┌─ Dataset excerpt

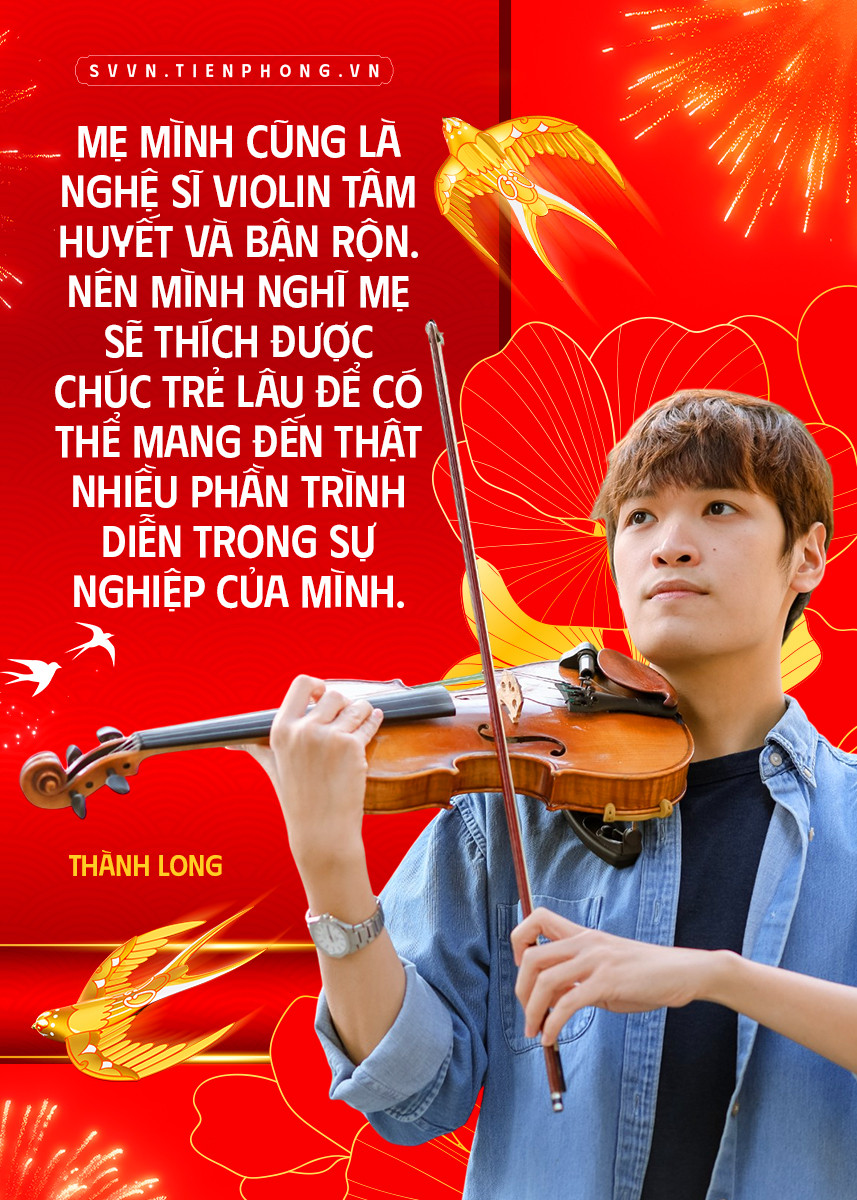 Mẹ mình cũng là nghệ sĩ violin tâm huyết và bận rộn. Nên mình nghĩ mẹ sẽ thích được chúc trẻ lâu để có thể mang đến thật nhiều phần trình diễn trong sự nghiệp của mình. (Cười)
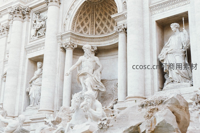 罗马许愿池特写:巴洛克雕塑群细节,海神与骏马栩栩如生
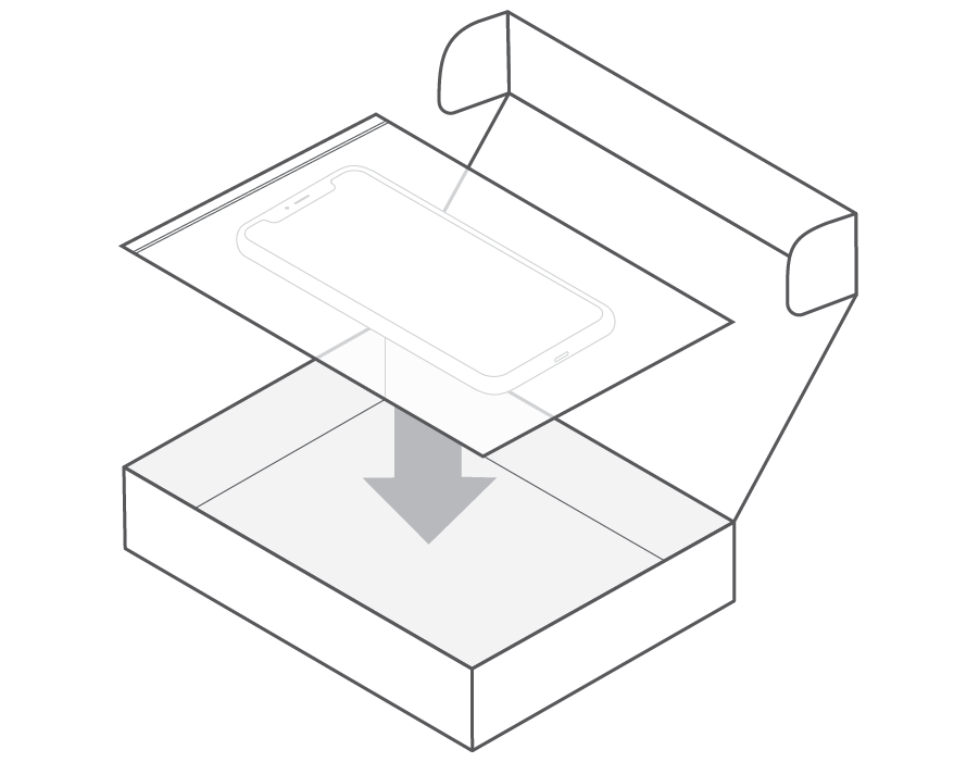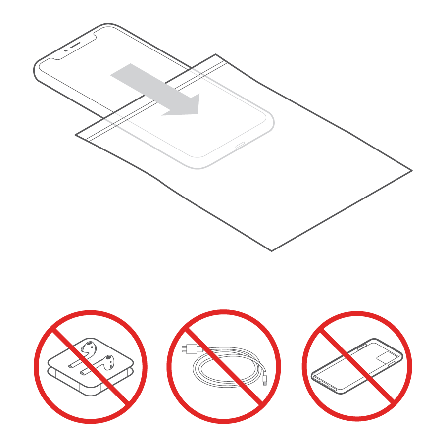 - Placez votre iPhone dans le sachet. N’incluez pas le casque stéréo, le câble USB, l’adaptateur secteur, ni aucun autre accessoire. Si vous ajoutez des éléments supplémentaires dans la boîte, nous ne pourrons pas vous les renvoyer.

└─

_Exercise_.
Every line of the listing is to be repeated exactly, and the pictures are to be dropped.

_Answer to this exercise_.
 Mẹ mình cũng là nghệ sĩ violin tâm huyết và bận rộn. Nên mình nghĩ mẹ sẽ thích được chúc trẻ lâu để có thể mang đến thật nhiều phần trình diễn trong sự nghiệp của mình. (Cười)
 罗马许愿池特写:巴洛克雕塑群细节,海神与骏马栩栩如生
 - Placez votre iPhone dans le sachet. N’incluez pas le casque stéréo, le câble USB, l’adaptateur secteur, ni aucun autre accessoire. Si vous ajoutez des éléments supplémentaires dans la boîte, nous ne pourrons pas vous les renvoyer.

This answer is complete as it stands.